**What needs to be done:**
Output all entries exactly; images excluded.

**Extracted data:**
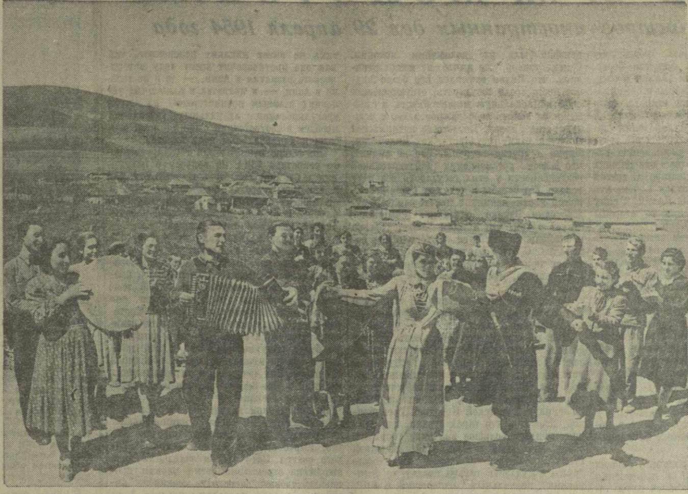
ТЕПЛОЕ майское солнце щедро залило своими лучами горы и долины, поля и сады Юго-Осетии, где царит мирный созидательный труд советских людей.
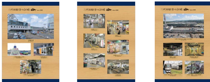
写真パネルイメージ
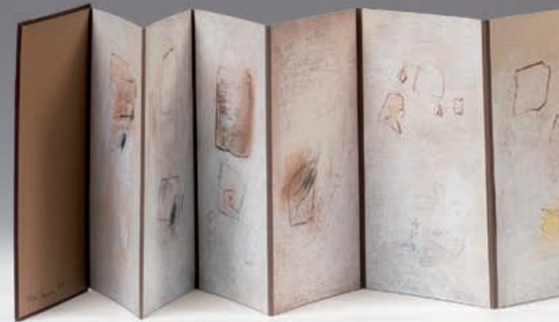
farbzeichen & spuren II, 2010, Unikat
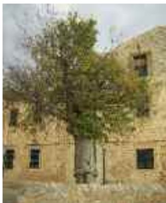
Lledoner de sa Bastida

Conjunt de plàtans ( Platanus orientalis ) d'un diàmetre i alçària considerables. Es troben en terreny públic, a l'escorxador municipal reconvertit en
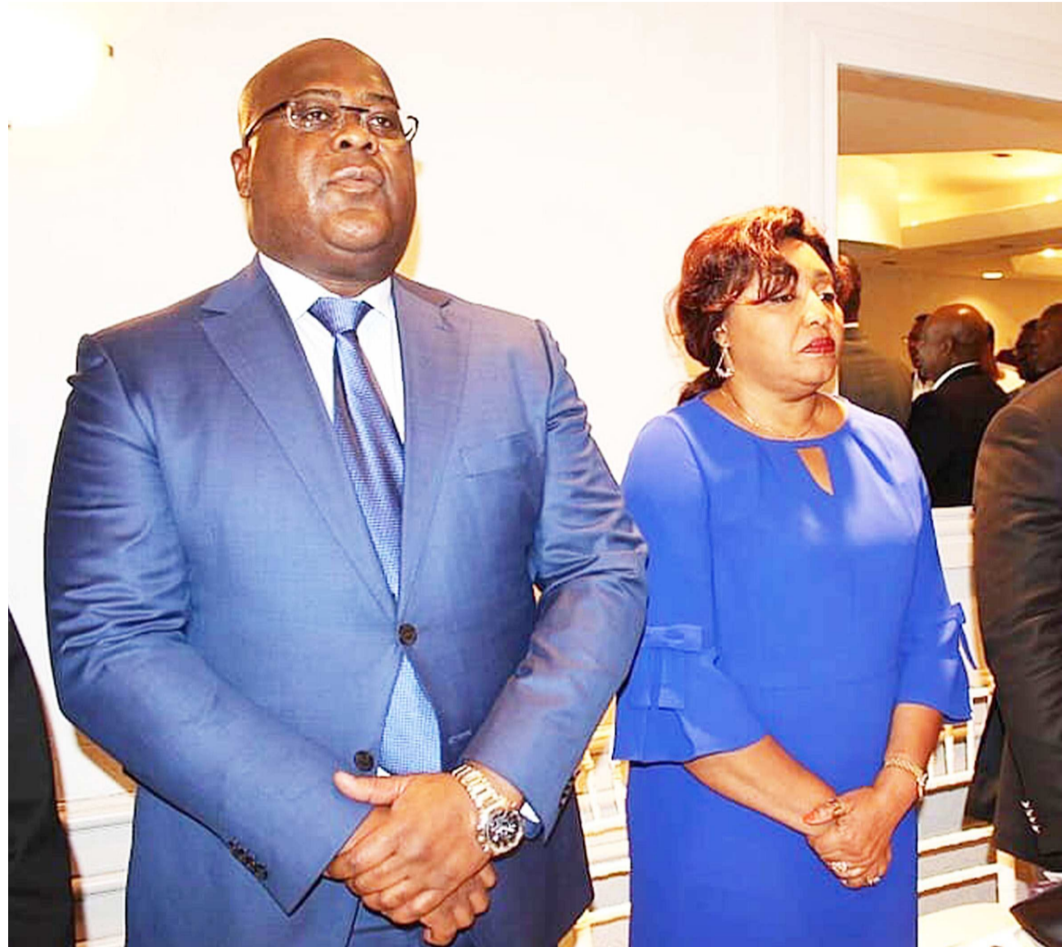
Le couple présidentiel

Dans une vidéo laconique diffusée sur la chaîne nationale en cette journée de la célébration de la Nativité, dans laquelle il s'affiche avec la première dame, Denise Nyakeru, le chef de l'Etat s'est, de nouveau, adressé à ses compatriotes dans un style plutôt édulcoré qui tend à faire école au plan communicationnel. L'émotion et l'humilité y étaient présentes, la proximité et la complicité aussi, le tout agencé dans un décor sobre où seul le fond du message importait. Tout un style qui tranche nettement avec la solennité et le côté majestueux qui caractérisaient autrefois les adresses présidentielles de fin d'année.
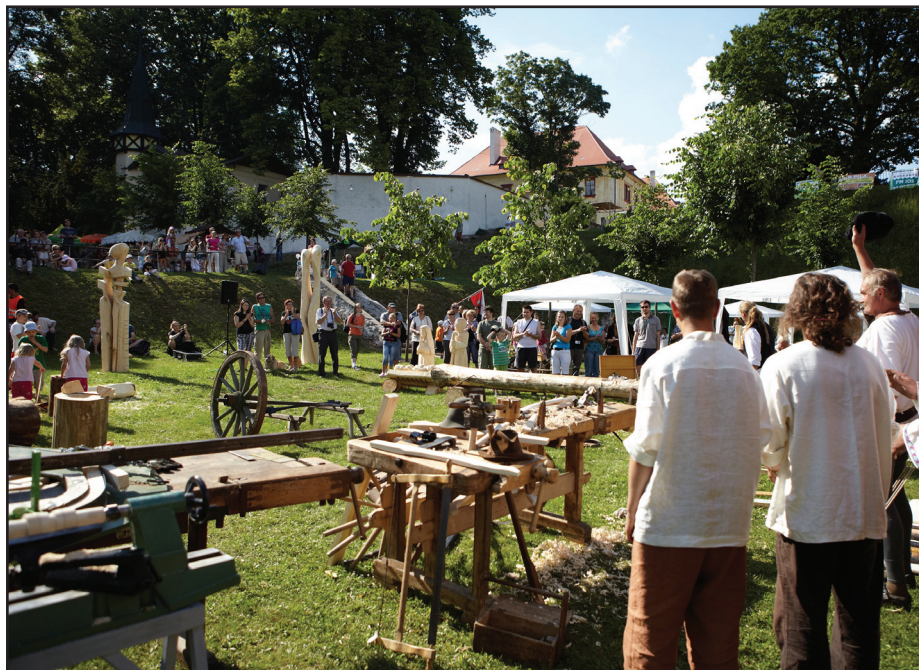
Svátky řemesel byly vyvrcholením dřevařského symposia.

V současné době jsou sochy uloženy k vysychání, během prázdnin budou impregnovány a poté rozmístěny.
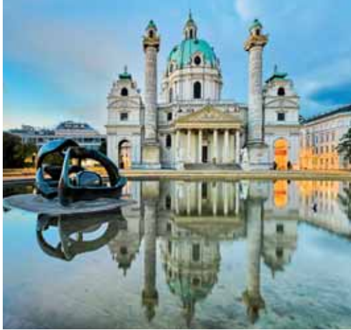
Iglesia de San Carlos Borromeo (Viena)
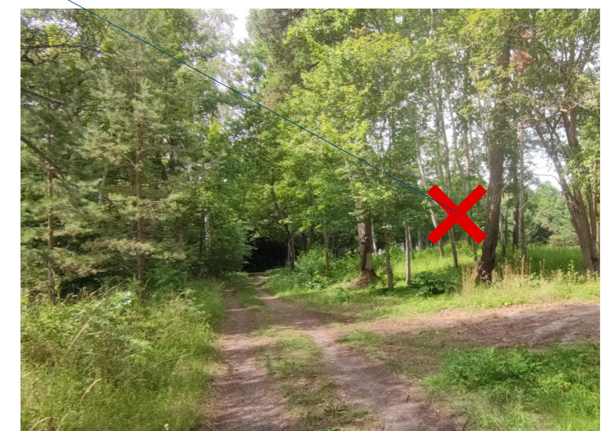
FOTOFIKSĀCIJA Skats uz nocērtamo koku Nr.7
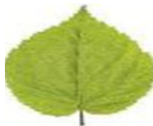
4- сурет. Жапырақ.
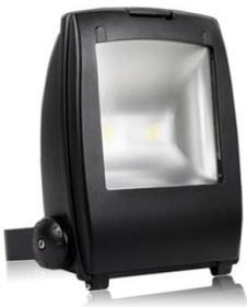
PRO VG 3: 80 och 100 watt
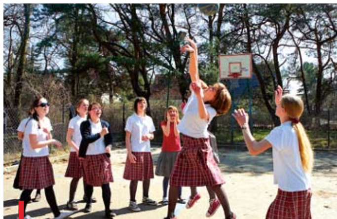
Jak twierdzą zwolennicy edukacji zróżnicowanej, rozwój dziewcząt przebiega znacznie szybciej niż chłopców. Różnica wynosi nawet 7 lat

Europa Zachodnia, Australia, Kanada i USA – we wszystkich tych krajach edukacja zróżnicowana ze względu na płeć, wraca do łask . A uczniowie szkół „single sex” osiągają świetne wyniki w nauce. Dlaczego?
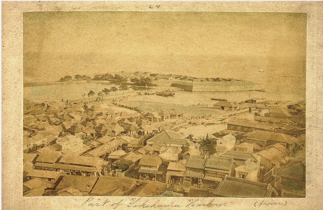
▲「神奈川台場を望む」

幕末、開港当時の神奈川区の海には港を守る砲台「神奈川台場」が築かれていました。旧東海道から滝の川沿いに海の方へ向かい、現在のJR貨物線付近に位置していたといわれています。扇形に海へ突き出した独特の形で、周囲の埋め立てが進んだ現在は、星野町公園などで石垣の一部を見ることができます。
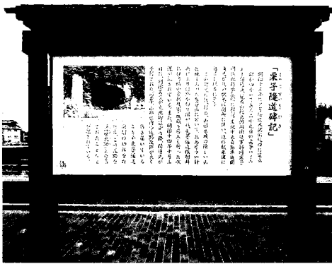
「栗子隧道碑記」の説明板
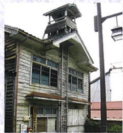
問/智頭町観光協会 ☎0858-76-1111 G-4

江戸時代は、鳥取藩主が参勤交代を行う街道「上方往来」が通り、大変賑わった宿場町です。中でもひととき豪華な佇まいを見せる石谷家はかつての山林王。敷地面積3000坪、部屋数40余りによって構成されています。智頭杉をはじめ各所の名木をふんだんに使い、技をこらし、贅をつくした広大な和風建築です。
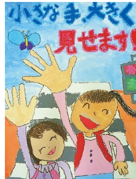
令和7年度 岩手県交通安全ポスターコンクール

市内小中学生を対象に実施した「交通安全ポスターコンクール」の応募作品104点を展示します。ぜひ会場でご覧ください。 時 1月20日(火)午後3時～25日(日)午後7時 場 サン・リア北側階段 問 市民環境課生活安全係(☎内線127)
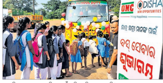
ସ୍କୁଲ ପିଲାମାନେ ବସରେ ଯିବା ପାଇଁ ଧାଡ଼ିରେ ଠିଆ ହୋଇଛନ୍ତି।
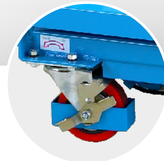
Feststellbremse an den Lenkrädern für Sicherheit beim Heben, Be- und Entladen
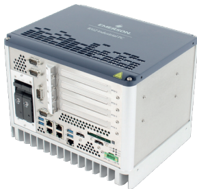
Emerson Industrial Computing - IPC 4 Slots RAID

**Result below:**
ТЕПЛОЕ майское солнце щедро залило своими лучами горы и долины, поля и сады Юго-Осетии, где царит мирный созидательный труд советских людей.
写真パネルイメージ
farbzeichen & spuren II, 2010, Unikat
Lledoner de sa Bastida

Conjunt de plàtans ( Platanus orientalis ) d'un diàmetre i alçària considerables. Es troben en terreny públic, a l'escorxador municipal reconvertit en
Le couple présidentiel

Dans une vidéo laconique diffusée sur la chaîne nationale en cette journée de la célébration de la Nativité, dans laquelle il s'affiche avec la première dame, Denise Nyakeru, le chef de l'Etat s'est, de nouveau, adressé à ses compatriotes dans un style plutôt édulcoré qui tend à faire école au plan communicationnel. L'émotion et l'humilité y étaient présentes, la proximité et la complicité aussi, le tout agencé dans un décor sobre où seul le fond du message importait. Tout un style qui tranche nettement avec la solennité et le côté majestueux qui caractérisaient autrefois les adresses présidentielles de fin d'année.
Svátky řemesel byly vyvrcholením dřevařského symposia.

V současné době jsou sochy uloženy k vysychání, během prázdnin budou impregnovány a poté rozmístěny.
Iglesia de San Carlos Borromeo (Viena)
FOTOFIKSĀCIJA Skats uz nocērtamo koku Nr.7
4- сурет. Жапырақ.
PRO VG 3: 80 och 100 watt
Jak twierdzą zwolennicy edukacji zróżnicowanej, rozwój dziewcząt przebiega znacznie szybciej niż chłopców. Różnica wynosi nawet 7 lat

Europa Zachodnia, Australia, Kanada i USA – we wszystkich tych krajach edukacja zróżnicowana ze względu na płeć, wraca do łask . A uczniowie szkół „single sex” osiągają świetne wyniki w nauce. Dlaczego?
▲「神奈川台場を望む」

幕末、開港当時の神奈川区の海には港を守る砲台「神奈川台場」が築かれていました。旧東海道から滝の川沿いに海の方へ向かい、現在のJR貨物線付近に位置していたといわれています。扇形に海へ突き出した独特の形で、周囲の埋め立てが進んだ現在は、星野町公園などで石垣の一部を見ることができます。
「栗子隧道碑記」の説明板
問/智頭町観光協会 ☎0858-76-1111 G-4

江戸時代は、鳥取藩主が参勤交代を行う街道「上方往来」が通り、大変賑わった宿場町です。中でもひととき豪華な佇まいを見せる石谷家はかつての山林王。敷地面積3000坪、部屋数40余りによって構成されています。智頭杉をはじめ各所の名木をふんだんに使い、技をこらし、贅をつくした広大な和風建築です。
令和7年度 岩手県交通安全ポスターコンクール

市内小中学生を対象に実施した「交通安全ポスターコンクール」の応募作品104点を展示します。ぜひ会場でご覧ください。 時 1月20日(火)午後3時～25日(日)午後7時 場 サン・リア北側階段 問 市民環境課生活安全係(☎内線127)
ସ୍କୁଲ ପିଲାମାନେ ବସରେ ଯିବା ପାଇଁ ଧାଡ଼ିରେ ଠିଆ ହୋଇଛନ୍ତି।
Feststellbremse an den Lenkrädern für Sicherheit beim Heben, Be- und Entladen
Emerson Industrial Computing - IPC 4 Slots RAID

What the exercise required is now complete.